= INSTRUCTIONS TO FOLLOW =
Transcribe the data that follows without changing a word, and omit the pictures.

= AVAILABLE DATA =
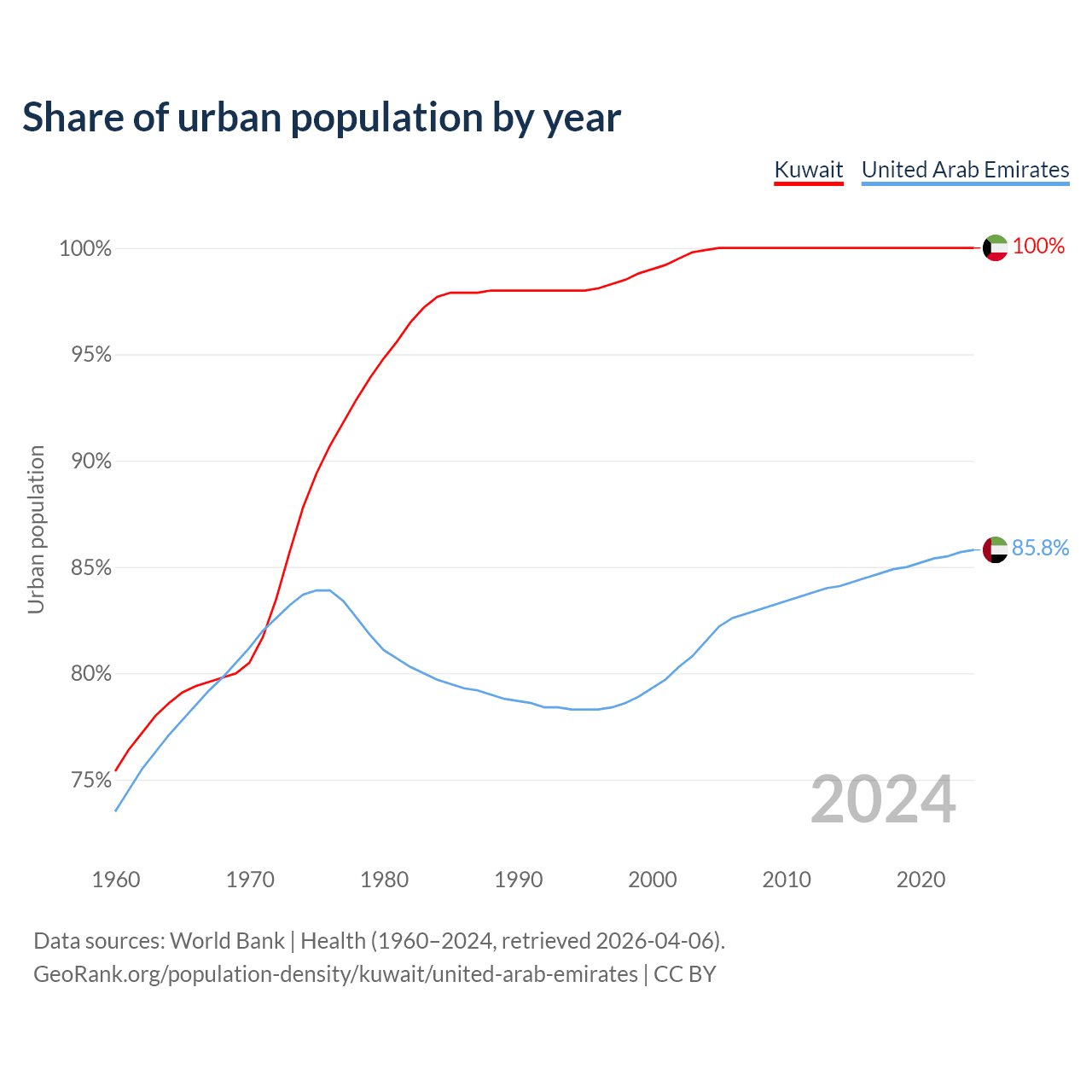 From 2004 to 2024, the share of urban population changed from 99.9% to 100% in Kuwait and from 81.5% to 85.8% in the United Arab Emirates.
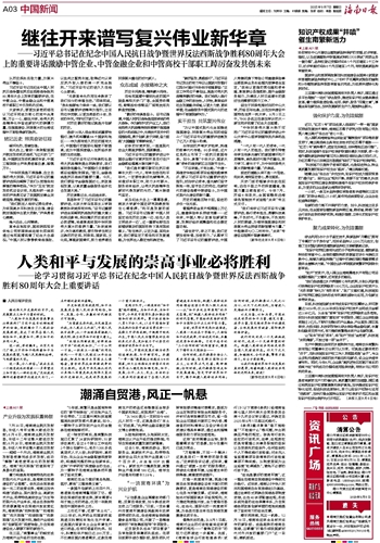 谈及纪念大会上一幕幕场景,南京大学新中国史研究院教授张生心潮澎湃。“和平是发展的前提。习近平总书记强调‘中国人民坚定站在历史正确一边、站在人类文明进步一边’,这一重要论断在当前错综复杂的国际形势下具有现实意义。”张生表示,以史为鉴、面向未来,我们要坚定不移走和平发展道路,为世界注入稳定性和确定性。
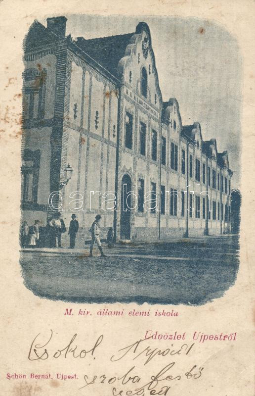 Leírás: Budapest IV. Újpest, Magyar királyi állami elemi iskola, Schön Bernát kiadása (EB)
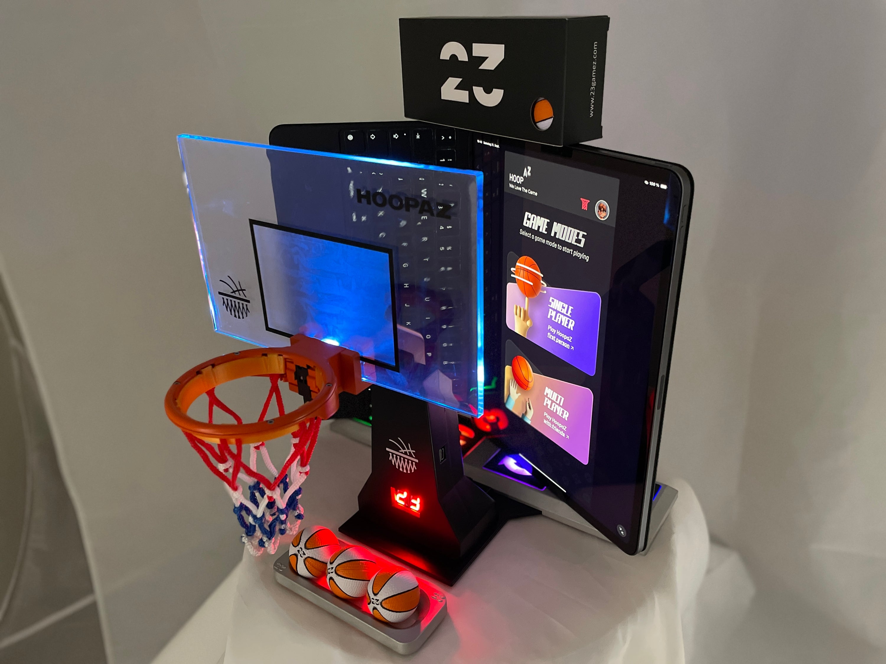 Mit der App kannst du dein Hoopaz komplett von deinem Device aus digital steuern. Alternativ hast du die Möglichkeit, die physischen Hightech-Game-Buttons deines Hoopaz zu nutzen.

= YOUR SOLUTION =
 From 2004 to 2024, the share of urban population changed from 99.9% to 100% in Kuwait and from 81.5% to 85.8% in the United Arab Emirates.
 谈及纪念大会上一幕幕场景,南京大学新中国史研究院教授张生心潮澎湃。“和平是发展的前提。习近平总书记强调‘中国人民坚定站在历史正确一边、站在人类文明进步一边’,这一重要论断在当前错综复杂的国际形势下具有现实意义。”张生表示,以史为鉴、面向未来,我们要坚定不移走和平发展道路,为世界注入稳定性和确定性。
 Leírás: Budapest IV. Újpest, Magyar királyi állami elemi iskola, Schön Bernát kiadása (EB)
 Mit der App kannst du dein Hoopaz komplett von deinem Device aus digital steuern. Alternativ hast du die Möglichkeit, die physischen Hightech-Game-Buttons deines Hoopaz zu nutzen.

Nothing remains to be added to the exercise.